Marine Mammal Diagnostics & Clinical Pathology

Question 1

Where to obtain bone marrow samples in cetaceans?

Answer 1

Vertebral bodies, ribs (long bones lack medullary cavity) (F8)

Question 2

Phlebotomy sites in cetaceans

Answer 2

Periarterial vascular retes (PAVR) on dorsal and ventral midlines of fluke blades, peduncle, dorsal fin, hemal arch, common brachiocephalic vein (CBV, purely venous and for BP measurement), hepatic vein (PICC). (F8, West)

Question 3

Clin path analytes helpful as indicators of inflammation in cetaceans

Answer 3

Reticulocyte count, WBC count, differential count, ESR, plasma fibrinogen, serum albumin, serum globulin, ALP (low), serum iron (low); Hb and PCV decrease without blood loss anemia based on reticulocyte count (F8)

Question 4

Most reliable indicator of inflammatory disease in cetaceans

Answer 4

Plasma fibrinogen (photo-optical test), elevation as little as 20% above high normal important. (F8)

Question 5

Which blood tubes are needed for clotting profiles, whole blood sedimentation, plasma fibrinogen in cetaceans?

Answer 5

Orange (thrombin) tube induces clotting, light blue (sodium citrate) tube coag assays, fibrinogen; Potassium EDTA tube for hematology and ESR; green top lithium hep tube for genomic assays. (F8)

Question 6

Collection and retention of marine mammal tissues is regulated by what agency?
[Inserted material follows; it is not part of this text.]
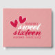 Happy Hearts Sweet sixteen Anniversaire livre d'or présente deux coeurs roses sur un arrière - plan rose rayé en diagonale et est un grand ajout à une fête de seizième anniversaire. © Matin 6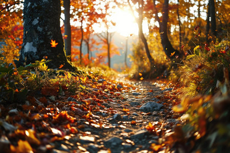 A tranquil autumn path meanders through a vibrant forest, showcasing stunning golden foliage. Perfect for those seeking nature

Describe your initial approach to a large whale necropsy.

Describe the classification of carcass condition.

Answer 6

Necropsy

• Collection and retention of marine mammal tissues regulated by Marine Mammal Health and Stranding Response Program of National Oceanic and Atmospheric Administration (NOAA)
• Helpful hint for moving larger animals: inject compress air into the abdomen to refloat the animal
• First step in necropsy exam: carcass code (see table 13.1 below)
  
  • Large whales: postmortem gas may cause extrusion of tongue, rectum, umbilicus, penis, vagina, uterus; use small incision to gently release gas

Question 7

Describe the technique for post-mortem marine mammal necropsy.

Describe the technique for extracting ears. Why is this important?

What does blubber condition tell you about the animal?

Answer 7

• Dissection tips
  
  • Reflect blubber layer first, create a checkerboard-like pattern
  • Incise abdominal wall along costal arch and dorsally to the level of rectum
  • Thoracic cavity – transect costochondral junctions, incise intercostal muscles, releases/removes individual ribs
    
    • To avoid transecting the ribs in some animals- go through diaphragm
  • Heart/Lungs of larger animals – create a window in the intercostal muscles
  • Can also create 1 x 3 m windows in abdomen for sampling in larger whales
    
    • Good expedited method for tissue collection (harmful algal blooms, infectious disease, histopath)
  • Extracting ears (important for when acoustic is suspected as the cause of stranding in cetaceans, pinnipeds) – ultrastructural evaluation
    
    • Collect ASAP after death because cochlear hair cells sensitive to autolysis
    • Organ of Corti + associated innervations: shown to have structural alterations in terrestrial mammals that undergo auditory trauma
    • Ideally collect within 5 hours post-mortem, but can still collect up to 30 hours
    • Extracting tympanoperiotic complex: 1) separate periotic from tympanic bone 2) remove stapes with tissue forceps 3) perforate round and oval window 4) perfuse fixative through opening
• Blubber
  
  • Focal blubber hematoma and edema – indicative of blunt trauma
  • Animals with robust body condition ooze oil when incising blubber
  • Suboptimal or catabolic body condition: laminar pale to dark red discoloration of basal ½-1/3 of the blubber layer because increase vascular perfusion and mobilization of fat
  • Blubber thickness measured from epidermal-dermal junction to base of blubber

Question 8

What samples or measurements need to be collected for necropsy of a stranded cetacean?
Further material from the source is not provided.